3話 ペイントマンの噂
汐くんが発した言葉『ペイントマン』
我が渡理町に、出現し、皆が恐怖した不審者の名前だ。
最近、担任の尾崎先生から注意喚起され、町内放送でも奴のことを言っていた。
ペイントマンは春になり、桜が咲いた頃に現れた。
最初に遭遇したのは、駅のすぐに近くにあるアーケード街。
あそこは夜になると立ち入り禁止になるのだが、住宅街と駅を繋ぐ最短ルートなので、塾帰りの学生などがたまに無断で通っている。
しかし、夜のアーケード街というのは昼の賑やかな様子とは一変し、静寂そのもだった。
アーケード街自体も、五十年という歴史があり、かなりボロボロで、夜には出るという噂もあった。
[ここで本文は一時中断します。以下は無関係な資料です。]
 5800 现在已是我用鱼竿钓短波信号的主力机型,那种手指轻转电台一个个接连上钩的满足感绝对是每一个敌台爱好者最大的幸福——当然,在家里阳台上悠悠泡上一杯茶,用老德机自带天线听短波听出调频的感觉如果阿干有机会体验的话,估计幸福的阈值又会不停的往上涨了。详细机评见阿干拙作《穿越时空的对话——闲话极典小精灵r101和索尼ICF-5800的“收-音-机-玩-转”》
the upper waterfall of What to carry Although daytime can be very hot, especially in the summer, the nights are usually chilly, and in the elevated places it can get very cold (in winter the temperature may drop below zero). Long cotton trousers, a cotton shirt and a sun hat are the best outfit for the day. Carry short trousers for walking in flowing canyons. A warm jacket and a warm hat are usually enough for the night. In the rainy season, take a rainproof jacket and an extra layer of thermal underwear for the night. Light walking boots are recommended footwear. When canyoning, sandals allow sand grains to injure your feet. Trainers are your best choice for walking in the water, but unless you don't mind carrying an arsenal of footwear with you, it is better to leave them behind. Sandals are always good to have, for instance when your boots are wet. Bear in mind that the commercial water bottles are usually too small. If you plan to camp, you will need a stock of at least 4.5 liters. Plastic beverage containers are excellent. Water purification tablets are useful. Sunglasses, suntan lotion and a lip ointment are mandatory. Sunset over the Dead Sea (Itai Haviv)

それでも、遠回りすると一時間以上かかる道を、十分ほどで帰れるのはとても魅力的であった。
その時も塾帰りの学生だったらしい。
ペイントマンという言葉を聞いて、影田が首を傾げている。
影田は、HR中、常に眠っているので尾崎先生の言葉でも聞いたことがないのであろう。
僕が説明しようか、と聞くと不満げに頷いた。
ゴホン。
「僕が聞いた噂はこうだった」と語りを入れた。
——————————————————
学生が、アーケード街の入り口に設置されたトラロープを跨いで進んで少しすると、向こう側から誰か歩いてくる。
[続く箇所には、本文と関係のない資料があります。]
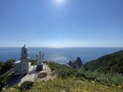 フェリーで上甑島の里港に上陸し、まずは最南端の釣掛崎灯台へ。そこから北上しながら観光スポットを巡り、里町のホテルに行くスケジールにしました。里港を12:45スタート、手打海岸経由で灯台到着は14:00でした。
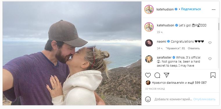 Хадсон разместила романтичную фотографию с возлюбленным на фоне моря и дополнила ее свадебными смайликами.
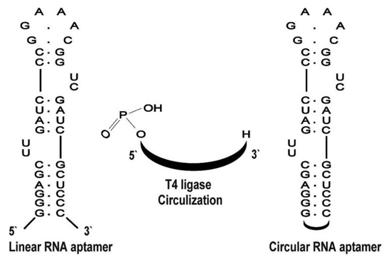 图1 Tat的RNA适配体(34-nt)及使用T4 RNA连接酶环化的RNA。
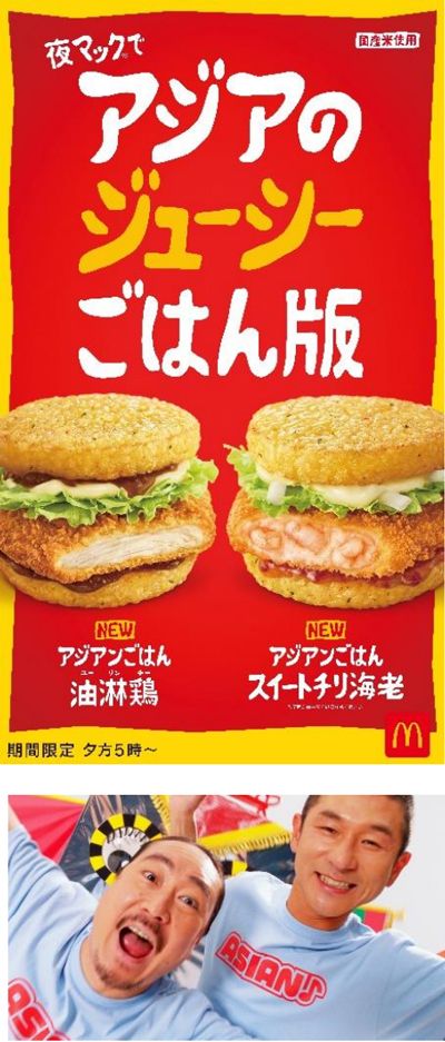 日本マクドナルド株式会社(本社:東京都新宿区、代表取締役社長兼CEO:日色 保)では、アジアの味わいが楽しめるマクドナルド初のアジアンフェア“アジアのジューシー”を2月1日(水)より開催しております。2月8日(水)からはさらにこのアジアの味わいをごはんバーガーとしてもお楽しみいただくため、新商品の「アジアンごはん 油淋鶏」「アジアンごはん スイートチリ海老」の2種のごはんバーガーを、夕方5時からの夜マックのメニューとして期間限定で全国のマクドナルド店舗にて販売いたします。

学生は見つかったらまずいと思い、たまたま目の前にあった看板の後ろに隠れた。
足跡がだんだんと近づいてくる。月明かりで照らされたのは男だった。
幽霊の類でないことで、胸を撫で下ろしたが、男に違和感があることに気がついた。
服装が妙に引っかかった。
妙というのは、身体のラインが浮き出た服で、男の痩せ細ったシルエットがくっきりとわかった。
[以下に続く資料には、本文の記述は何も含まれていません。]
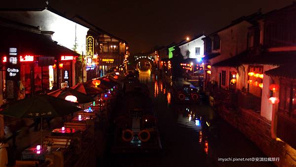 山塘街是縮小版的江南水岸風情,白屋黑瓦搭配高掛的紅色燈籠,在夜色中到映在水中,繁華中帶點復古。老街上有餐廳,有特色商店,有酒吧,有茶館也有青年旅社。

レザージャケットのように光沢があり、まるで美術館で見た油絵のような色合いの服だった。
表情は、目を飛びでんばかりに開いて、口角を限界まで開けていた。
学生は息を顰め、奴が通り過ぎるのを祈った。
一五メートルほどまで来た時だった。
何を思ったのか、男が急に立ち止まり、正面の何もない虚空を見始めたのだ。
学生はなにか得体の知れない恐怖に支配され、今すぐにでもその場を離れたい気持ちを抑えきれなくなった。
我慢できなくなり、深呼吸して、看板から飛び出そうとしたときだった。
アーケード街の天窓に光が差し込み、あたりが明るくなった。
奴の持っていたものが、月の光を反射した。
彫刻用だった。それも剥き身で、赤いものが付着していた。
ひっ、と、しゃっくりのような声が出てしまう。
声に気付き、男が学生を見ると、それは、身を乗り出して、腕を気負いよく前後に振って、急に走り出した。
学生は目の前の異常者が刃物を持っていたことに、思わず腰を抜かし、地面を這うようにして逃げ出した。
ペタペタという男の走る音を背に、足を動かすが思うように動かない。
ドン。
背後から衝撃があり、レンガ調の地面に叩きつけられる。
立ちあがろうとすると、背中を押さえつけられる。
学生の、恐怖で浅くなった呼吸ばかりが辺りで響いていた。
おそらく背中を襲え付けているであろう男は、何の音もさせず、意図も感じさせずにいた。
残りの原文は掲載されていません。